There can be no doubt in anyone’s mind that this was Trump’s role in 2016. One count that year found that former secretary of state Hillary Clinton had nabbed the endorsements of 57 newspaper editorial boards, while Trump won just two. From major media to senior national-security operatives to some of the wealthiest people in the country, the opposition to Trump that year was a sort of Who’s Who of the US elite.
This allowed Trump to portray himself as a populist figure who aroused the ire of the social, economic and political elite. His final ad of the 2016 cycle featured a narration where he said: ‘Our movement is about replacing a failed and corrupt political establishment with a new government controlled by you, the American people.’

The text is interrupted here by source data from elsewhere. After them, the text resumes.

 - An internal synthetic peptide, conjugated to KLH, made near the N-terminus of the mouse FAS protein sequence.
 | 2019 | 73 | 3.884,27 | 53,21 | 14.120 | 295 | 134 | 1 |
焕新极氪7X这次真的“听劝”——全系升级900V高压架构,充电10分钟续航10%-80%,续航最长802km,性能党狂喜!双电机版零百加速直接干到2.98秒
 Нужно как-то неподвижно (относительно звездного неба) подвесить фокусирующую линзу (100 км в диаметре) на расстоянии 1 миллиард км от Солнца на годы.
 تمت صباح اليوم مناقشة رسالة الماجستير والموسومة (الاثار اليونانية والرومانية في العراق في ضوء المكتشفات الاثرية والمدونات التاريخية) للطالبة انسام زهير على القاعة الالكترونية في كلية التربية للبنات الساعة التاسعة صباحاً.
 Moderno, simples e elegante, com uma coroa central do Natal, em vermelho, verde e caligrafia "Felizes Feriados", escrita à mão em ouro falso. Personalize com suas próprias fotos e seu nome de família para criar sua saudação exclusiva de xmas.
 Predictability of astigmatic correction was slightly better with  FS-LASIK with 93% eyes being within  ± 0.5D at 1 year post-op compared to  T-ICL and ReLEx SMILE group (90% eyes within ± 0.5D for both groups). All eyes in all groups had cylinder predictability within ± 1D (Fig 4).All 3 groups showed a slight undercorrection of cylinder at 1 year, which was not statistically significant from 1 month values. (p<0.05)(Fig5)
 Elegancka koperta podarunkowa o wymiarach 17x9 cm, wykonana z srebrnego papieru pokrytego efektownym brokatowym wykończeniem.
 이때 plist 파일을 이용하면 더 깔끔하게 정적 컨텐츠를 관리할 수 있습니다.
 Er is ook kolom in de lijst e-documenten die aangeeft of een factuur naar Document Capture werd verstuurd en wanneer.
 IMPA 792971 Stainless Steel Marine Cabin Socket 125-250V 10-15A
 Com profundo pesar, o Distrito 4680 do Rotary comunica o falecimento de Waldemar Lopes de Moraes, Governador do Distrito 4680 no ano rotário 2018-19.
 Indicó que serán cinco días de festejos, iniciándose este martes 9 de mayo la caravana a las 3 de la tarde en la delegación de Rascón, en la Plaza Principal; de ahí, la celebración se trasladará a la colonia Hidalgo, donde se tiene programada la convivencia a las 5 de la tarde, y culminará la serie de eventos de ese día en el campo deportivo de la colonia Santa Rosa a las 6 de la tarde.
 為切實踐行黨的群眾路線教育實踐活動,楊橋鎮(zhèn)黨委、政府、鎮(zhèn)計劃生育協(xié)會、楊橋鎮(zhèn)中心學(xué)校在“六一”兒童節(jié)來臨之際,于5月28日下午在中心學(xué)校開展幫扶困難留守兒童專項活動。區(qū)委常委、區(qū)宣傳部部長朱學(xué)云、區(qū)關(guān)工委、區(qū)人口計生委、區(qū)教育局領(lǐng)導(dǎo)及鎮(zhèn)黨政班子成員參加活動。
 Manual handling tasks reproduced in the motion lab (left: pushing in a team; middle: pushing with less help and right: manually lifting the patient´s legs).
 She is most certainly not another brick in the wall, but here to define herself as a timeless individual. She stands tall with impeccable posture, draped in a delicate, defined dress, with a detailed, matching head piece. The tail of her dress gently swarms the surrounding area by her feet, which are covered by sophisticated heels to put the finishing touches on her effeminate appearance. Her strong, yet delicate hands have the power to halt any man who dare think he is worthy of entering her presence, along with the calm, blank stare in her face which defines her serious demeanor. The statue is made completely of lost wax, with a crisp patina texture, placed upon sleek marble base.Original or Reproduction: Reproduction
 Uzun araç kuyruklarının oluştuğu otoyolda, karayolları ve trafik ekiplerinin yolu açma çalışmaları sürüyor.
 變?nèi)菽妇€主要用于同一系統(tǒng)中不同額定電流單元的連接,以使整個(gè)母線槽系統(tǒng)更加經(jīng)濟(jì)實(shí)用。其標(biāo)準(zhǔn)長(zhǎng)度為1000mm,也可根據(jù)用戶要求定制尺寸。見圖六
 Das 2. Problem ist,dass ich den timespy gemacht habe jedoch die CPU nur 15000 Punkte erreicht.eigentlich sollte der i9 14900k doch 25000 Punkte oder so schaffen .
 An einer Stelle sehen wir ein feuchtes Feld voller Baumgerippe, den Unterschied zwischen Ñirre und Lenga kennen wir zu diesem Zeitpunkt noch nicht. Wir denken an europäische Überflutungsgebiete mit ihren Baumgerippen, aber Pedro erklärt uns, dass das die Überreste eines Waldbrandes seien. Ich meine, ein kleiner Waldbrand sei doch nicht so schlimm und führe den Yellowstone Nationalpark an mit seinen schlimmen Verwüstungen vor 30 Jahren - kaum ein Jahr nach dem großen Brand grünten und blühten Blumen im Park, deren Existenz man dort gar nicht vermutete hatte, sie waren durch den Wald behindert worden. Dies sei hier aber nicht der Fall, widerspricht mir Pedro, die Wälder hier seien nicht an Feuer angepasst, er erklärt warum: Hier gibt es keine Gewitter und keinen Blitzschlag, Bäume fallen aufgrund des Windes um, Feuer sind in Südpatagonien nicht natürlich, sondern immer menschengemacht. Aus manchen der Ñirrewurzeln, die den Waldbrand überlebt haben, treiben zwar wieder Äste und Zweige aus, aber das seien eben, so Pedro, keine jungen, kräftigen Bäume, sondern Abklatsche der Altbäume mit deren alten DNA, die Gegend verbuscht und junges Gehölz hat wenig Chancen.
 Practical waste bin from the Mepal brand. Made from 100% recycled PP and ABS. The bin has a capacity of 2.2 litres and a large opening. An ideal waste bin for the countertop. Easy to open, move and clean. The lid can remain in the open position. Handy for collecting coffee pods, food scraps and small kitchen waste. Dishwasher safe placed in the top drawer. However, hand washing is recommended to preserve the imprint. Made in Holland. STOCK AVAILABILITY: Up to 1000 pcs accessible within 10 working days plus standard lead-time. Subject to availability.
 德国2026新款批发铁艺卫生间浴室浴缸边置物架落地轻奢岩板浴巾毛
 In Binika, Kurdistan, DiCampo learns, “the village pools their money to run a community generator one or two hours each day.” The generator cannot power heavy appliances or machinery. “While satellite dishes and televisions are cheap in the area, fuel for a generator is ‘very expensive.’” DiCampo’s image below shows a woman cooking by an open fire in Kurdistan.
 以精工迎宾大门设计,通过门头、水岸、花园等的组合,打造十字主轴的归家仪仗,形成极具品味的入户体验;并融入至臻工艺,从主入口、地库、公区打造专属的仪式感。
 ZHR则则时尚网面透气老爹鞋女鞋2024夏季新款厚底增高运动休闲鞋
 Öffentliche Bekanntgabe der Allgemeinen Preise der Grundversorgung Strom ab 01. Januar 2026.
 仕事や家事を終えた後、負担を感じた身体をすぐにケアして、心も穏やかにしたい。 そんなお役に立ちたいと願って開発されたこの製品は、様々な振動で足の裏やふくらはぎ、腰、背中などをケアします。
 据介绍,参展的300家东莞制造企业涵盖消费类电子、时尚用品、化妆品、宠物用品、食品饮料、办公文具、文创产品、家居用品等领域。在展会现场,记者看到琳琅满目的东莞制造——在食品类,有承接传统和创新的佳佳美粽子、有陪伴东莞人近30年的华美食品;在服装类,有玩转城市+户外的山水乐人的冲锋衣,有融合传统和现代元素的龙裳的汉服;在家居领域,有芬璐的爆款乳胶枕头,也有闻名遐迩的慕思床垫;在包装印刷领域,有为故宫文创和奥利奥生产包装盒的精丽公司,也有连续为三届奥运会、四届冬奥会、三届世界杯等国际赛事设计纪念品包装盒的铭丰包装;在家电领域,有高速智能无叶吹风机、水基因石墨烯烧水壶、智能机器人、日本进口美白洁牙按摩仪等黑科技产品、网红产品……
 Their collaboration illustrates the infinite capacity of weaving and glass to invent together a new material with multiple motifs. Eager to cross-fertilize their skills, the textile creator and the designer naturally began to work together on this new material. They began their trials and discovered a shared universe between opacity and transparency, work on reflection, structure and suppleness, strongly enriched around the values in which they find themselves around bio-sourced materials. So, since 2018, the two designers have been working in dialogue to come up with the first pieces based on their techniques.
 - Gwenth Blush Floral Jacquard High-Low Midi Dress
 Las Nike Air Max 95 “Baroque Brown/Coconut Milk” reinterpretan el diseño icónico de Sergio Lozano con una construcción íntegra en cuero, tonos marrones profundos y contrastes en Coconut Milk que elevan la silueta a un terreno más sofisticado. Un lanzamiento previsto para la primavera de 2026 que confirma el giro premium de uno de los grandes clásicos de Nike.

After a term in the White House, Trump has struggled to reclaim that populist lane. Kamala Harris’s rapid ascendancy to the Democratic nomination has been accompanied with much more favourable polling for her party – and maybe it’s not a surprise. Many Americans didn’t want to see a rematch between Trump and President Joe Biden. Compared with these ageing candidates, Harris is the fresh face on the scene.
But that’s not all that’s preventing Trump from waving the populist banner in this election. His campaign themes have devolved into those utilised by previous, establishment Republicans.
Living in the swing state of Georgia, I’m bombarded with Trump campaign ads telling me that Harris has failed to secure the border and is soft on immigrant crime. More recently, Trump has turned to calling Harris a ‘communist’ after she said she wanted to combat price gouging in the food industry. Little to nothing Trump’s campaign has said in the past few weeks would be out of place in a Mitt Romney or John McCain commercial.
Yet the elevation of RFK Jr and Gabbard into Trump’s campaign may play a role in changing that. Both figures spent their lives in the Democratic Party, often positioning themselves in insurgent roles where they staked out contrarian positions.
Chief among those positions is opposition to America’s long involvement in wars overseas. During his first event with Trump, RFK Jr made his opposition to continued American support for the war in Ukraine a cornerstone of his address. ‘Don’t you want a president who’s going to get us out of the wars and who’s going to rebuild the middle class in this country?’, he asked the cheering audience.
Gabbard, herself a military veteran, offered her support to Trump based on these themes. At an event where she appeared alongside Trump at the National Guard Association of the United States, she pointed to his record as president:
‘President Trump understands the grave responsibility that a president, commander-in-chief, bears for every one of our lives. Whether you’re a soldier, you’re an airman, marine, sailor or a coastie, he keeps us in his heart in the decisions that he makes. We saw this through his first term in the presidency when he not only didn’t start any new wars, he took action to de-escalate and prevent wars.’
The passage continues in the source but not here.